Updated: Jan 13
When I found the path of yoga a decade ago, I thought it was the be-all, end-all. I thought that it was my path. And then something happened. I started to walk away from it, only to find myself full circle, back at the beginning, in complete remembrance that yoga is for me.
In hindsight, I have come to recognize that the greatest offerings of transformation are ones that I am initially repulsed by. Not in the kind of way that I am disgusted, but in the kind of way that I am so attracted to the light that I am fearful that it will completely consume me.
Can you relate to this - subconsciously choosing not to take actions that will lead you to evolve?
When I finally allowed myself to get over the initial hump that yoga was not for me, because ‘I’m not flexible enough’…. I was mesmerized.
I wanted to devour the teachings as quick as possible but felt as if the resources that I needed to support me were not present, and I did not know where to turn to dive deeper. (This was before the internet revolution of EVERYTHING being offered online!)
I was encouraged to take a yoga teacher training. I had no desire to teach. I was thirsty to learn. The life direction that was so clear before I found yoga started to fall away, and I had this need to explore deeper.
I turned away scholarships to study abroad. I turned down the Peace Corps (a life-long dream of mine…), because I knew that I needed to keep exploring yoga. After my teacher training, I longed to find an ashram to study in. India was calling me. And then I met a boy… (who I still dearly love). And everything shifted. And I still have not been.
My yoga practice was daily, but as the years passed since my teacher training, my passion started to waiver. I started to question things. I found the path of the Priestess and started to reclaim the Divine Feminine within. And as I tried to figure out how yoga fit in with this new version of me, things just weren’t sitting right. I did not understand how the guru-disciple relationship fit into the principles of inner gnosis and sovereignty.
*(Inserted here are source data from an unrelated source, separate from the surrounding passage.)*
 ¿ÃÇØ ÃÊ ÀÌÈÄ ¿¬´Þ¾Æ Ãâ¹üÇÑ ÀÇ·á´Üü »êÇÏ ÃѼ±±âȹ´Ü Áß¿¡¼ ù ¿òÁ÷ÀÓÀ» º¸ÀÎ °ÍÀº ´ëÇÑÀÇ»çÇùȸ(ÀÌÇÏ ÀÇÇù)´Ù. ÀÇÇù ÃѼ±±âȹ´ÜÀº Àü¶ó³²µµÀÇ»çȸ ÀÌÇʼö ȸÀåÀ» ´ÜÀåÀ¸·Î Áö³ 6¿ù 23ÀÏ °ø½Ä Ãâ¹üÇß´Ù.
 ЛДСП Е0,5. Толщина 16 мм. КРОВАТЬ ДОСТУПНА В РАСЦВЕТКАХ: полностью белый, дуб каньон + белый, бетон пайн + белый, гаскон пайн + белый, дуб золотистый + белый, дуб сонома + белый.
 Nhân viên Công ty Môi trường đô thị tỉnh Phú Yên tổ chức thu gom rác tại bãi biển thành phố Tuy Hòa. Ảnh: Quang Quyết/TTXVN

I did not know how I could walk a path that I fundamentally just could not understand. I was really close to leaving it. But I listened to a deeper call - one that took me to a local ashram, Ishtadev Niwas, and all of the doubt was cut-right-through, as I began to watch what an embodied experience of the guru-disciple relationship was right in front of my eyes…
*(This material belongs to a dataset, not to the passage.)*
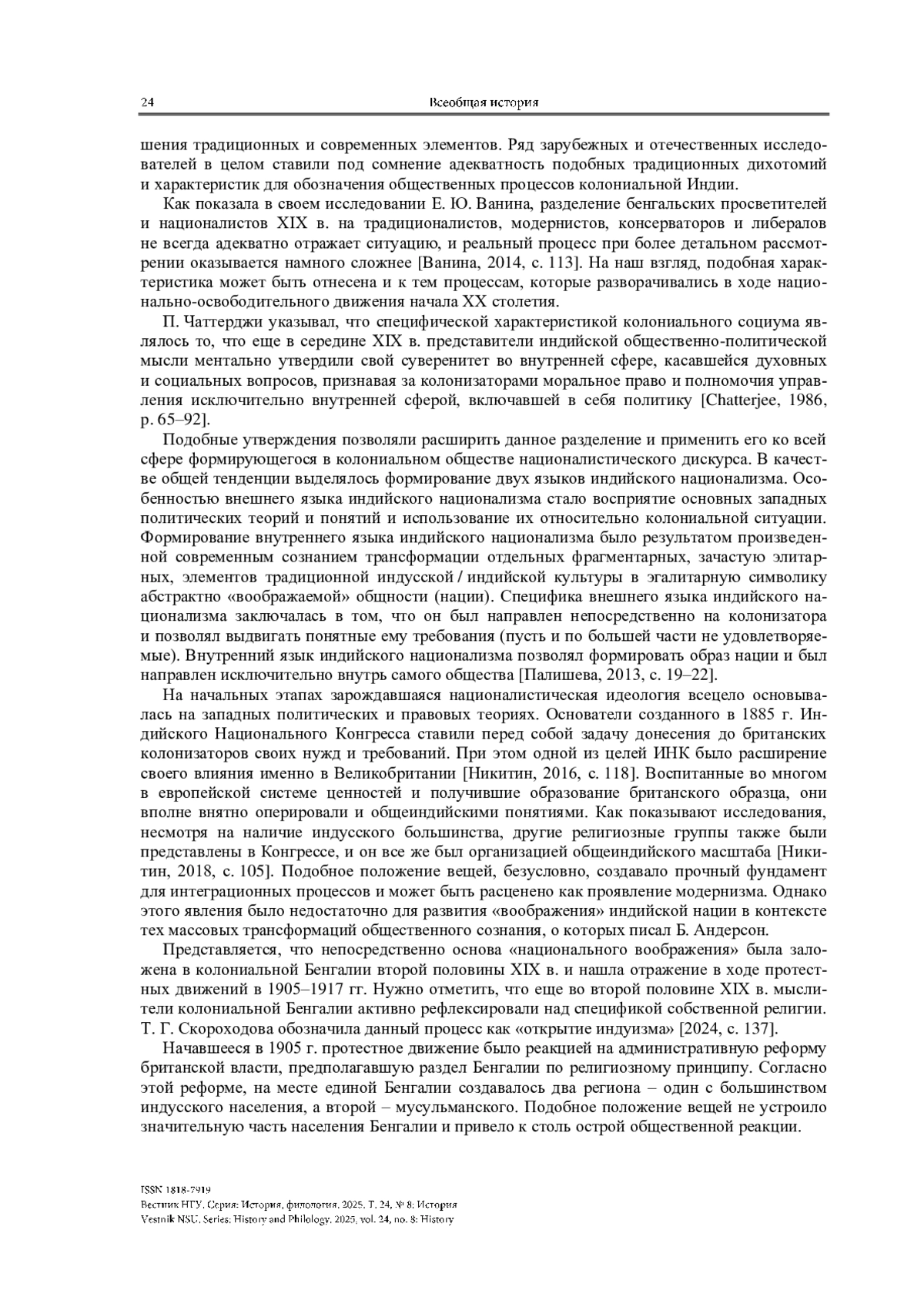 7. Скороходова Т. Г. «Открытие индуизма»: феномен общественной мысли Бенгальского Возрождения // Современные востоковедческие исследование. 2024. Т. 6, № 1. С. 136-154. https://doi.org/10.24412/2686-9675-1-2024-136-154

What once was incomprehensible to me, and what I once judged, I began to understand. I started to see how the outer teacher is a necessary part of the disciples’ ability to access the teacher within. I started to see how the Guru is much like the Initiator in the path of the Priestess, and I imagined Jesus as a Guru and then everything started to make so much sense.
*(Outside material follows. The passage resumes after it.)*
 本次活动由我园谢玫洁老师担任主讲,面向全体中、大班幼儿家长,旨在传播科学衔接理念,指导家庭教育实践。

It’s not the human person that you are surrendering to, it’s the divinity within said person, who has attained enlightenment AND embodiment that you are surrendering to. They have the ability to see your karmas, to see your dharma and to know exactly what it is that you need for evolution and fulfillment of your highest potential.
I began to realize that everything Guru would ask me to do would be FOR ME, for MY evolution, not for them, because well, they have already been all the way and back again….
My Western mind was so troubled, thinking that I would be taken advantage of, that sovereignty would be taken from me, that the ashram was an hierarchy, that this was a path of patriarchy, that this was NOT the path of the Divine Feminine...
And I started to realize that ALL of those voices were fear and ignorance. I did not understand, so I judged. And I see now, so clearly, how essential having a teacher and a lineage to anchor into is.
And once I allowed the fear to leave the room, I had much clearer perception. It’s like the things that I was hearing before were just entering in one ear and leaving out of the other. But once I liberated my inner critic, things started to click. I started to see how what looked like hierarchy to me is an intentional science, a school for an evolution of the soul. And that’s pretty darn cool… I realized, “wait a sec, this IS a Goddess path. This is a Saraswati lineage… Silly me…” Because Saraswati is Goddess of wisdom.
And what have I been chasing all my life? Truth.
So here I am again, in deeper understanding, full circle, back to the beginning, in remembrance that yoga is for me and that it is part of my path to share it with others.
And do you see a part of yourself in the sharing of my story?
Something that I have taken away from this realization is to stay open and receptive, rather than trying to control how I think my life should be. When I listen DEEPLY to what life wants for me, well, that's where the magic is.